Estimating the lateral mechanical properties of the TM by finite element analysis and lateral force spectroscopy. (A) The finite element analysis model. The indentation depth, lateral displacement, as well as the indenter size and shape are similar to their experimental counterparts. In this model, a 2-μm spherical indenter located 150 nm inside the TM is displaced laterally from its starting position (blue) to a 0.5-μm distant final position (white wireframe). Colors represent the total stress distribution in the TM model after the displacement. The size of the TM model was sufficiently large to exclude edge effects even under maximal strain. (B) Simulated (dots) versus experimental (solid line) lateral force curves for the TM. The experimental lateral force curve was measured on a TM sample isolated from the basal region of the cochlea. A normal Young's modulus of 300 kPa was obtained from an indentation-type experiment. Best fit was achieved after optimization of the lateral mechanical properties of the model TM.
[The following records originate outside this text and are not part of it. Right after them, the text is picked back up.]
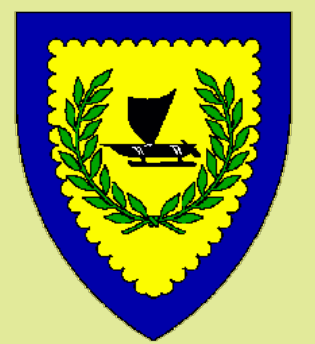
Barony of Western Seas http://westernseas.org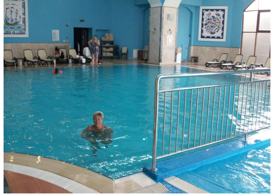
Two heated swimming pools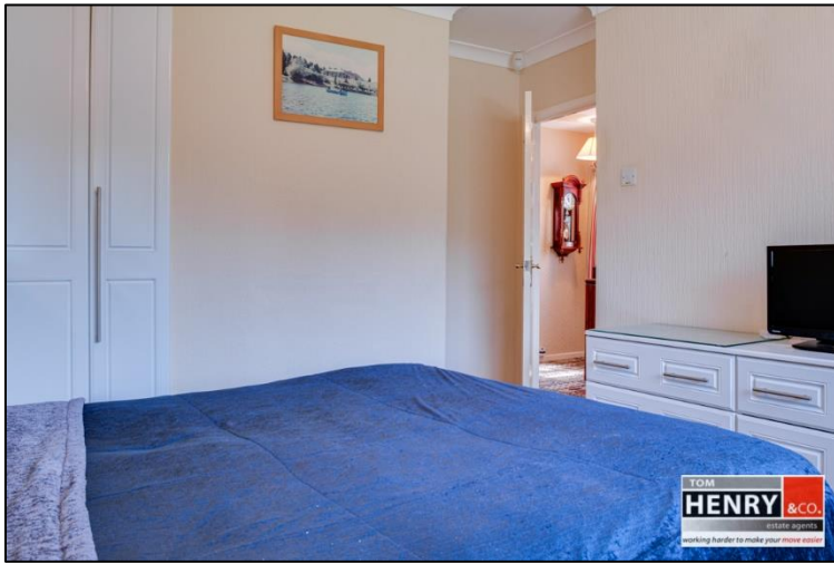
BEDROOM 2: TO REAR. CARPET TO FLOOR.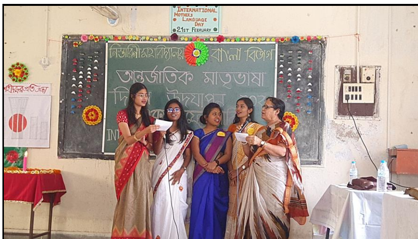
Celebration of International Mother Language Day

4. International Mother Language Day (Bhasa Divas) : Every year the International Mother Language Day is celebrated on 21 st February, under the leadership of the Post Graduate Department of Bengali. The importance of the Mother Language is emphasized on this day. Songs in the mother tongues of the students are sung, and sometimes rallies are brought out early in the morning on this occasion.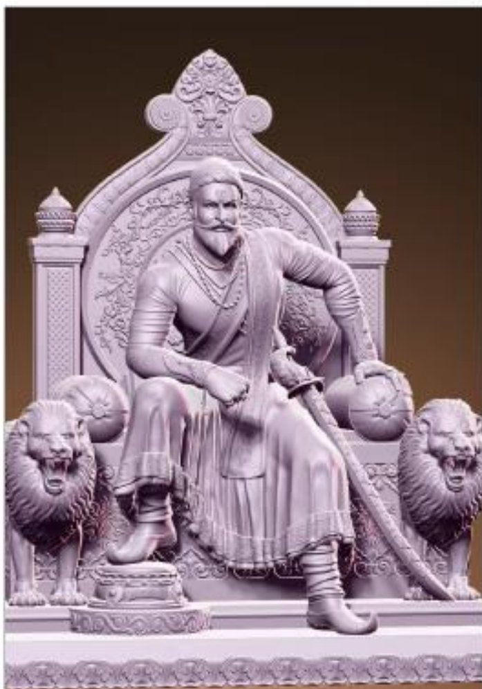
WARRIORS OF INDIA Chhatrapati Shivaji Maharaj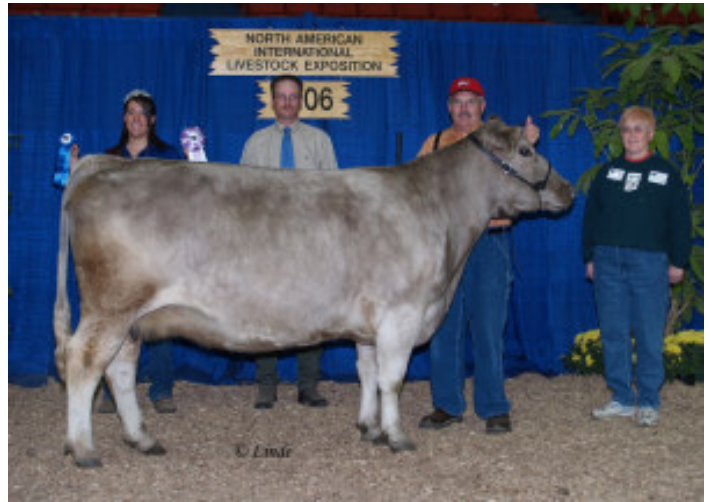
WCC Miss Canadian Breeze 63M Champion Cow Reserve Champion Female Bred by: Willow Creek Cattle Co. Owned by: Diamond G Murray Greys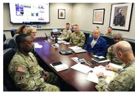
Western Everglades Restoration, AER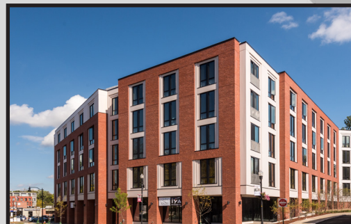
ONE EAST PLEASANT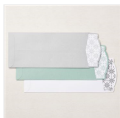
Slimline Envelopes - 157981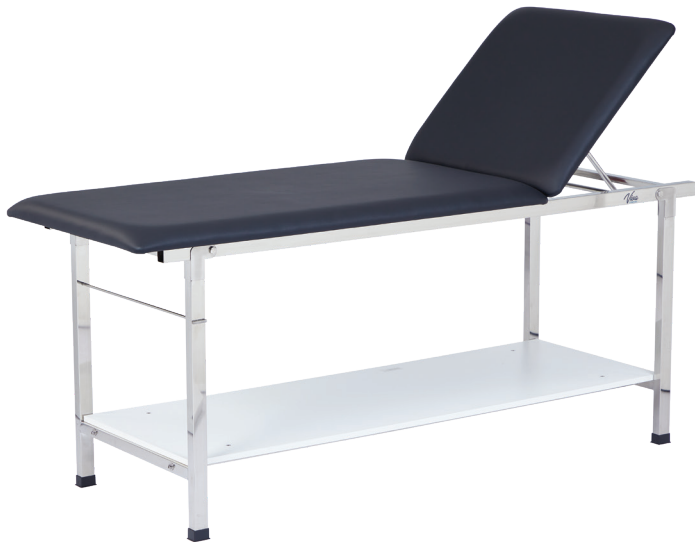
Treatment Table with Shelf and Adjustable Back, Black

Our foldable Treatment Table with Shelf and Adjustable Back is an indispensable asset for any medical facility, engineered to meet the rigorous demands of modern healthcare environments. Its stainless-steel frame offers exceptional durability and easy cleaning, which is ideal for high-traffic medical environments. The adjustable backrest, with multiple recline angles ranging from 0° to 67°, ensures patient comfort during various treatments. When not in use, the foldable leg design and less than 75 lb. body allow for efficient space-saving storage. Our antimicrobial mattress delivers an extra layer of hygiene, which is crucial for maintaining a sterile treatment environment. The integrated paper roll dispenser reassures a sanitary space for your patients. The outfitted shelf will help provide convenience for medical supplies, as well as spare exam paper rolls.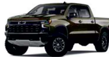
Harvest Bronze Metallic – GXN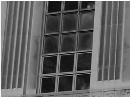
FIGURE 11 Exterior before (top two rows) and after (bottom two rows) views showing original windows and blast resistant replicas illustrates minor muntin-widening needed to secure the thicker laminated glass of the new blast window.

The slender profiles of some muntins cannot be replicated when blast or insulated glass windows are required. Energy and blast glazing composites are often thicker than single pane glazing, requiring larger muntins and stops to hold the thicker assembly in place. True-divided light (TDL) windows have, in the past, been generally preferred for replicating historic multi-paned windows, but simulated divided light (SDL) sash when properly crafted can produce a convincing effect. SDL use spacers between the panes of the insulated unit, aligned with three-dimensional muntin-grids on the interior and exterior glass surfaces. Keeping the surface grid permanently tight to the surface is critical for effective simulation and can be difficult on very large pieces of glass. SDL offer greater flexibility for matching historic muntin profiles, allowing even narrow muntins to be replicated with insulated units. When replicating any divided light window, specify that replacement windows must match the depth, width and profile of the original window muntins. The addition of insulated glass without the use of a deeper sash will, however, necessitate some compromise in the depth of profiles, and such compromises should generally be made at the interior face.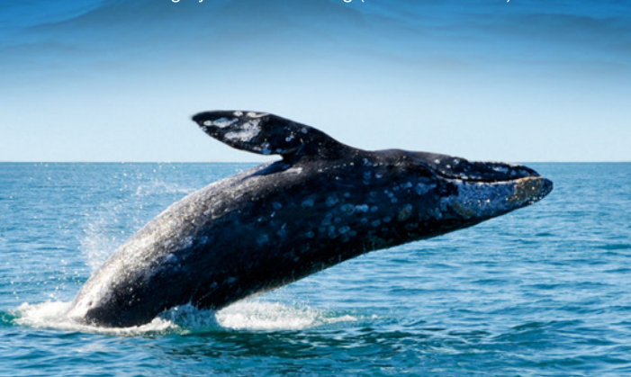
Image above: Bodega Head below: gray whale breaching

Offer recreational and economic opportunities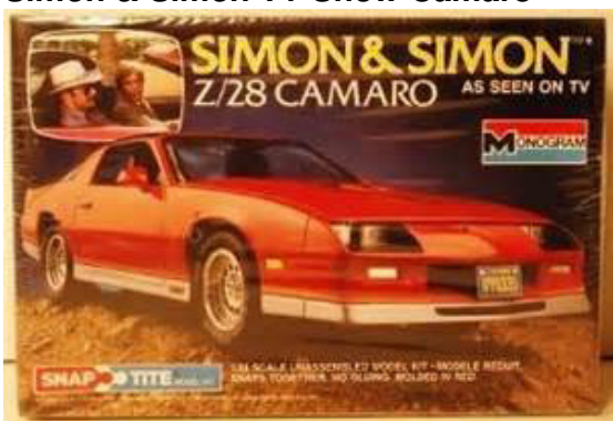
Simon and Simon was a TV detective series from 1981-89.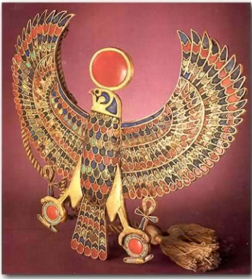
Gold Falcon pendant

Robert continued by giving some facts about the Aswan Dam. It was completed in 1970 at a cost of $1 billion and is the second largest dam in the world with a capacity of nearly 6 trillion cubic feet. The purpose of the dam is for flood control, hydroelectric power generation and irrigation. Despite the fact that only 3% of the land is arable, the dam has enabled Egypt, with a population of 80 million, to be self sufficient in food.

According to our FE analysis (Table 1), the TM is ∼1.5-fold stiffer along the axis that is perpendicular to its radial direction (Ey) than along its radial axis (Ex). Lateral stiffness measurements indicate that the difference between the parallel and perpendicular orientations is smaller and statistically insignificant (Fig. 3). This apparent discrepancy arises from a limitation in our lateral force measurements. To switch from measuring the lateral stiffness values along the radial (x) direction to measuring them along the perpendicular (y) direction, the TM sample must be rotated by 90°. This technical limitation makes measurements of the lateral stiffness along both orientations from a single position impossible. As a result, the averaged lateral stiffness values shown in Fig. 3 represent independent sets of data acquired from different locations and often from several TM samples. By contrast, the FE models are optimized to fit lateral force curves that represent a set of material properties representing a single position. To resolve this inconsistency, we calculated a probability distribution function of perpendicular to parallel lateral force ratios for each of the three measured longitudinal regions (Supplementary Material, Fig. S1). In support with our FE analysis results, we find that the probability of obtaining a measured stiffness ratio of above 1.2 is >50%. More importantly, the FE analysis results indicate that, along the entire length of the TM, both lateral moduli (Ex, Ey) are significantly lower than the normal modulus (Ez). The lateral modulus Ex (parallel to the TM radial direction) is ∼6.7, 4, and 2.5 times lower than the normal modulus in the basal, midturn, and apical regions, respectively.
TABLE 1.
Summary of the mechanical properties of the TM
| Longitudinal position | Young's modulus (kPa)
|
||
|---|---|---|---|
| Ex | Ey | Ez | |
| Apical | 11 | 16 | 28 |
| Midturn | 18 | 31 | 73 |
| Basal | 45 | 75 | 300 |
The lateral Young's moduli, Ex and Ey, are obtained by optimizing the finite element model for lateral force spectroscopy to the experimental measurements. The normal Young's modulus, Ez, is derived from the normal indentation experiment by fitting a modified Hertz model.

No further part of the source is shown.